Data in this exercise:
-------------------------

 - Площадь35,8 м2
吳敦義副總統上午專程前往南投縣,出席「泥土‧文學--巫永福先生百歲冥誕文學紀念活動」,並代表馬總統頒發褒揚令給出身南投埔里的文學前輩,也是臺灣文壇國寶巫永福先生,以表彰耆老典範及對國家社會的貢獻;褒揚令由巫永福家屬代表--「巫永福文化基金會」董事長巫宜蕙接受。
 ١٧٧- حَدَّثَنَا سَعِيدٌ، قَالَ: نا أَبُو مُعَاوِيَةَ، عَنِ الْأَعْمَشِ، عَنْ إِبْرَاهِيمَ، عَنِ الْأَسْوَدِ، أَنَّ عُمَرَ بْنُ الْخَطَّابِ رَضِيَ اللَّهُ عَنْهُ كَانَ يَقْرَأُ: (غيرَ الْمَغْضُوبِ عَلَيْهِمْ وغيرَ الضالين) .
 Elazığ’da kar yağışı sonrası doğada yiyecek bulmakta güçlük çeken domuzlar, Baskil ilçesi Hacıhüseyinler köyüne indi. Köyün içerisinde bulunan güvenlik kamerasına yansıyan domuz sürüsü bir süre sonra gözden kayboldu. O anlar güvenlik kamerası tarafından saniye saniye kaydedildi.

-------------------------

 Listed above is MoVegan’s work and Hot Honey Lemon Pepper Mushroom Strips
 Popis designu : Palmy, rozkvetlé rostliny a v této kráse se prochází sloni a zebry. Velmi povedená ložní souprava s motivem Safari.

-------------------------

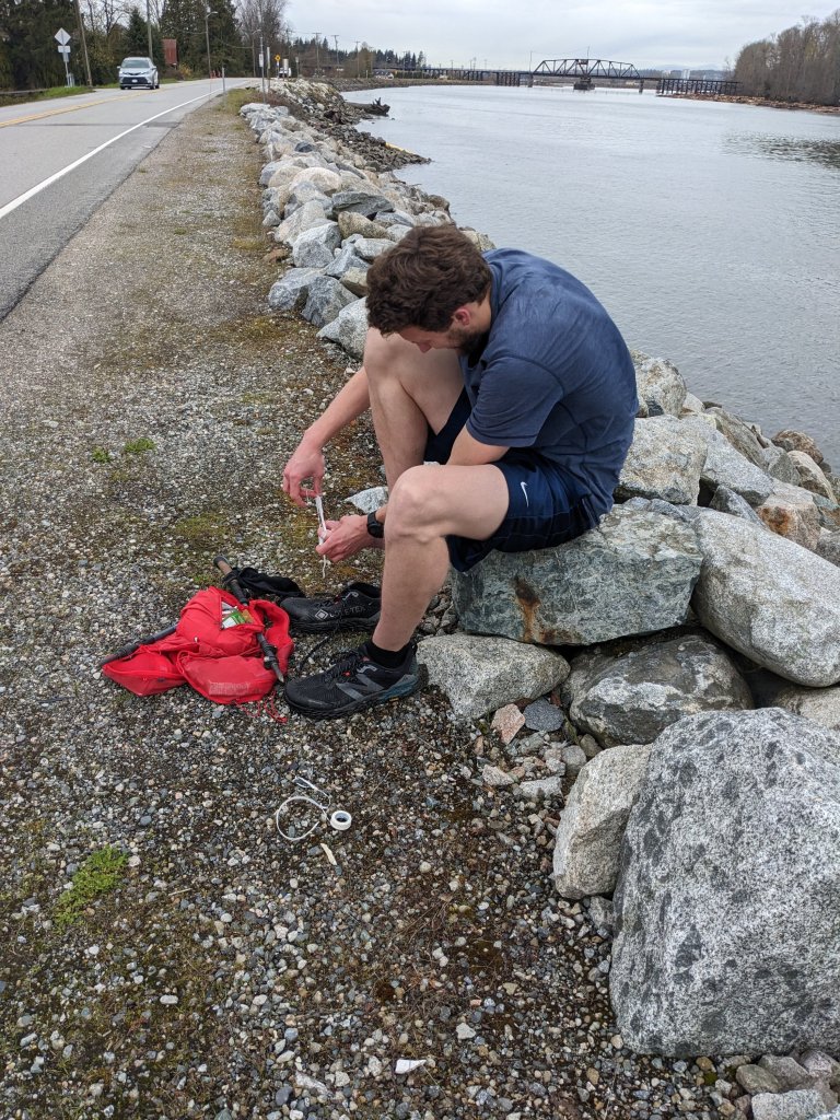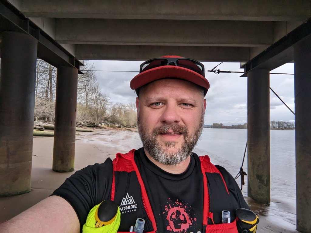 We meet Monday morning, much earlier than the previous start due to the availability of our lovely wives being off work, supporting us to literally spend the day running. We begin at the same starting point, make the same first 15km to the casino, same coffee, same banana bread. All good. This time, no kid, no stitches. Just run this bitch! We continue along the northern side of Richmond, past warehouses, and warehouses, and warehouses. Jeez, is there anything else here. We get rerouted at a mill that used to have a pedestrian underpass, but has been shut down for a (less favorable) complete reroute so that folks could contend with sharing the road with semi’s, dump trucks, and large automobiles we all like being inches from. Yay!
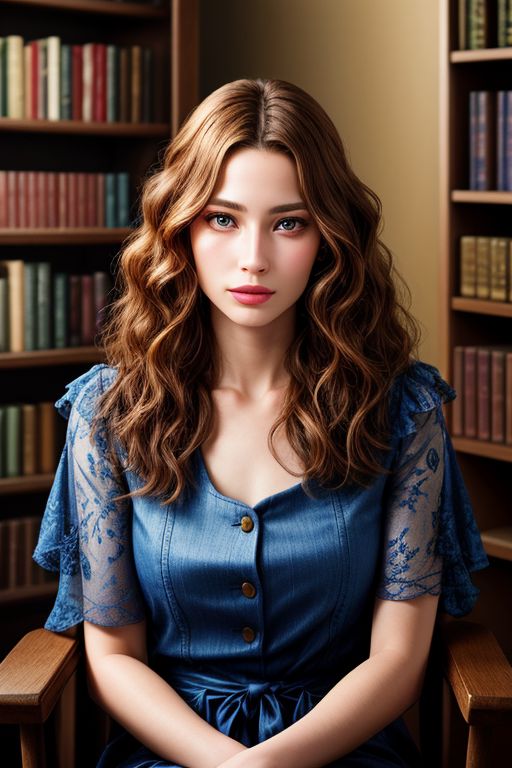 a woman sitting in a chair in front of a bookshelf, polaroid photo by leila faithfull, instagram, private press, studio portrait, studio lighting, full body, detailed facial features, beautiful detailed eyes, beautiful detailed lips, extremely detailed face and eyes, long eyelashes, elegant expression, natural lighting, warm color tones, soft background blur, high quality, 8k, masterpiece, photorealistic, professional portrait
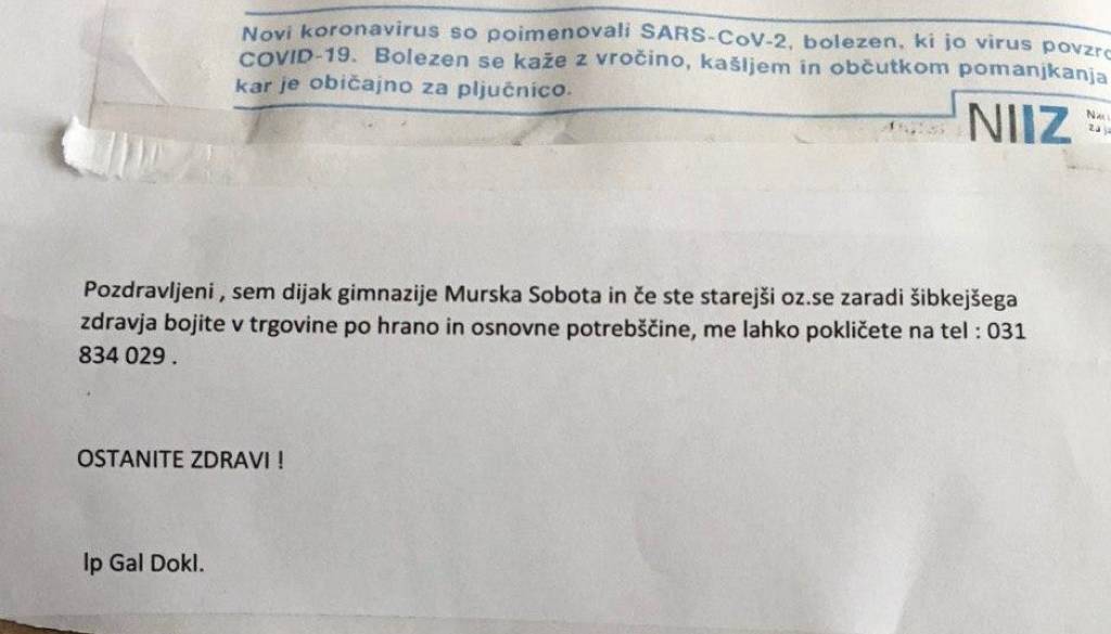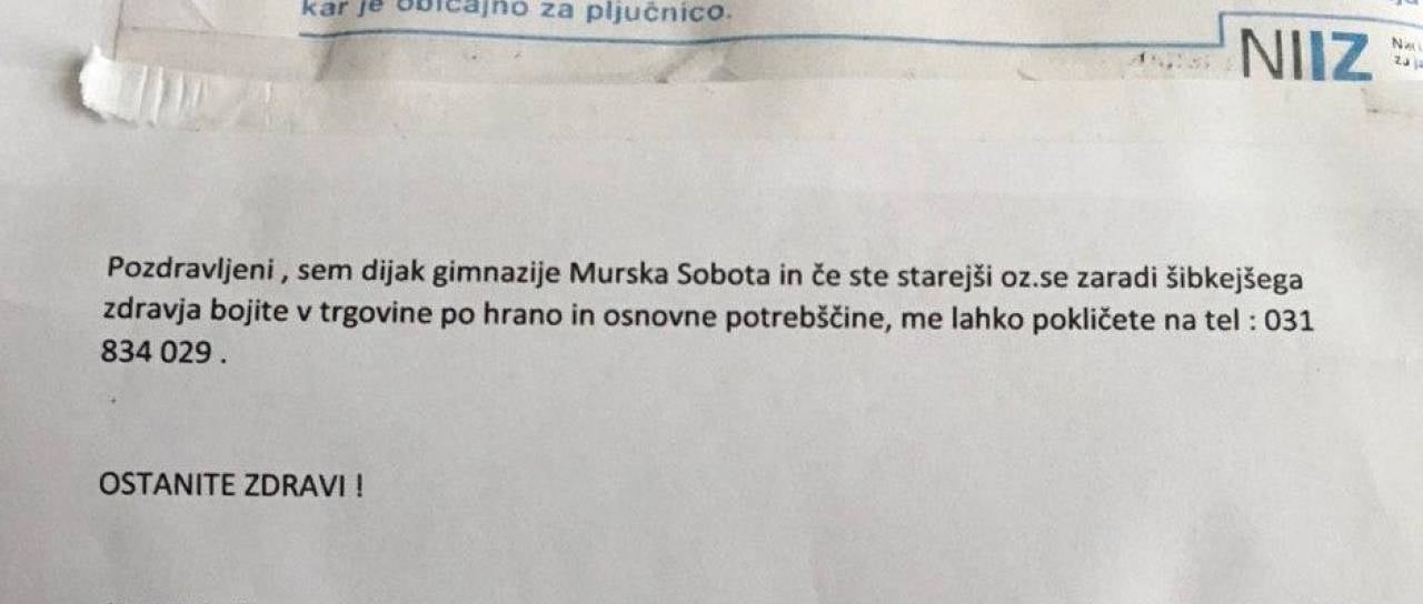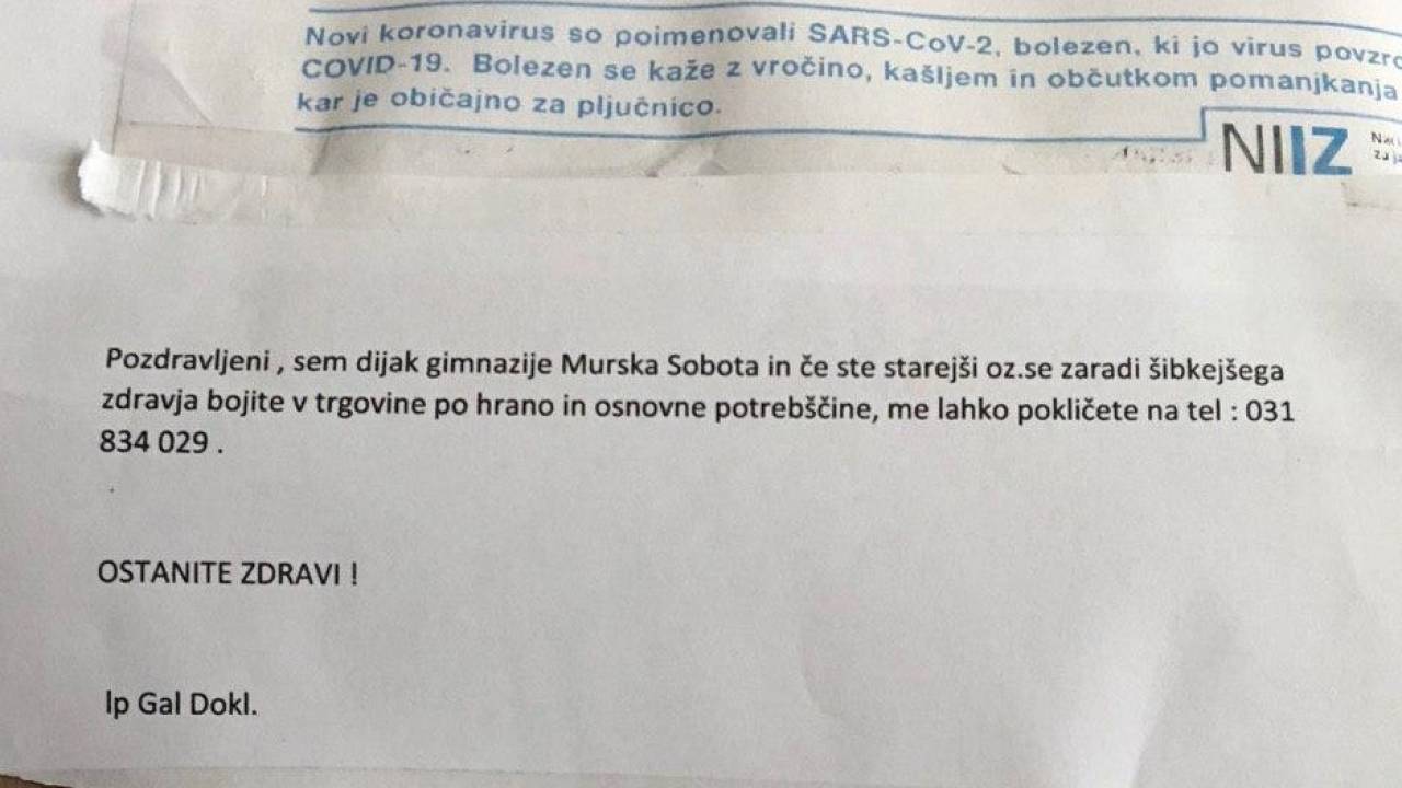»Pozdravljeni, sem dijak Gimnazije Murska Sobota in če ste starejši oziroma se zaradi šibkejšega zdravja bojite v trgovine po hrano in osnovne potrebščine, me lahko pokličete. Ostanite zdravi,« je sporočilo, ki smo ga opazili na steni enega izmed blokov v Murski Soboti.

-------------------------

Task to complete:
No picture is to be printed. Output exactly the lines above from the line containing "a woman sitting" through the line containing "v Murski Soboti.".

Exercise response:
 a woman sitting in a chair in front of a bookshelf, polaroid photo by leila faithfull, instagram, private press, studio portrait, studio lighting, full body, detailed facial features, beautiful detailed eyes, beautiful detailed lips, extremely detailed face and eyes, long eyelashes, elegant expression, natural lighting, warm color tones, soft background blur, high quality, 8k, masterpiece, photorealistic, professional portrait
»Pozdravljeni, sem dijak Gimnazije Murska Sobota in če ste starejši oziroma se zaradi šibkejšega zdravja bojite v trgovine po hrano in osnovne potrebščine, me lahko pokličete. Ostanite zdravi,« je sporočilo, ki smo ga opazili na steni enega izmed blokov v Murski Soboti.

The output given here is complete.